▶ **WHAT THE EXERCISE ASKS**
Reproduce the listing in full, exactly as written, but without images.

▶ **STORED DATA**
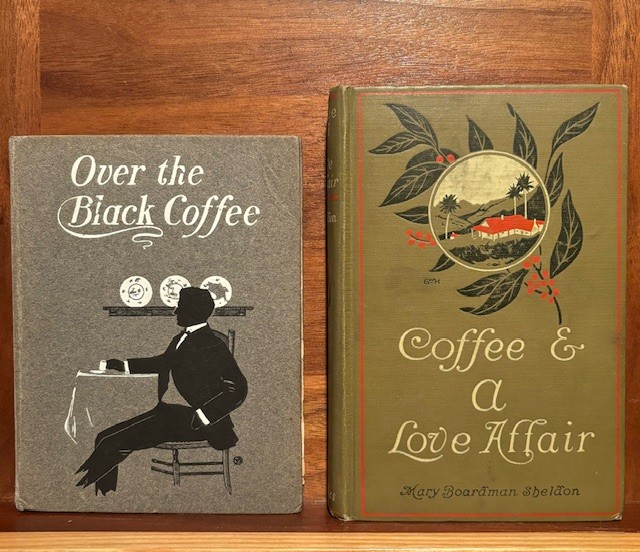 The next book is “Over the Black Coffee” compiled by Arthur Gray, published in 1902. This book while also giving some interesting facts obout coffee, it is also meant to be read for enjoyment. The author here states: “Tea has always been, and will always be, a soft soothing, purring, gossipy decoction for gentle women and men of mild power and peaceful walks. Coffee, on the other hand, has ever been associated with the robust, daring, and the adventurous.”
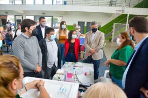 Como parte de las actividades previstas en la “Semana de la Vacunación”, en el vacunatorio visitado por las autoridades en el Microestadio Municipal de Hurlingham, se desarrolló una jornada donde se realizaron controles de altura, peso y tensión arterial, consultas médicas, se aplicaron vacunas Covid-19 y de calendario para completar esquemas de menores y adultos, y se montó, además, un stand de Salud Mental para obtener información.
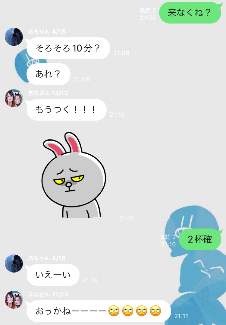 まなさんは10分遅刻により2杯が確定した✌🏻

▶ **TASK RESPONSE**
 The next book is “Over the Black Coffee” compiled by Arthur Gray, published in 1902. This book while also giving some interesting facts obout coffee, it is also meant to be read for enjoyment. The author here states: “Tea has always been, and will always be, a soft soothing, purring, gossipy decoction for gentle women and men of mild power and peaceful walks. Coffee, on the other hand, has ever been associated with the robust, daring, and the adventurous.”
 Como parte de las actividades previstas en la “Semana de la Vacunación”, en el vacunatorio visitado por las autoridades en el Microestadio Municipal de Hurlingham, se desarrolló una jornada donde se realizaron controles de altura, peso y tensión arterial, consultas médicas, se aplicaron vacunas Covid-19 y de calendario para completar esquemas de menores y adultos, y se montó, además, un stand de Salud Mental para obtener información.
 まなさんは10分遅刻により2杯が確定した✌🏻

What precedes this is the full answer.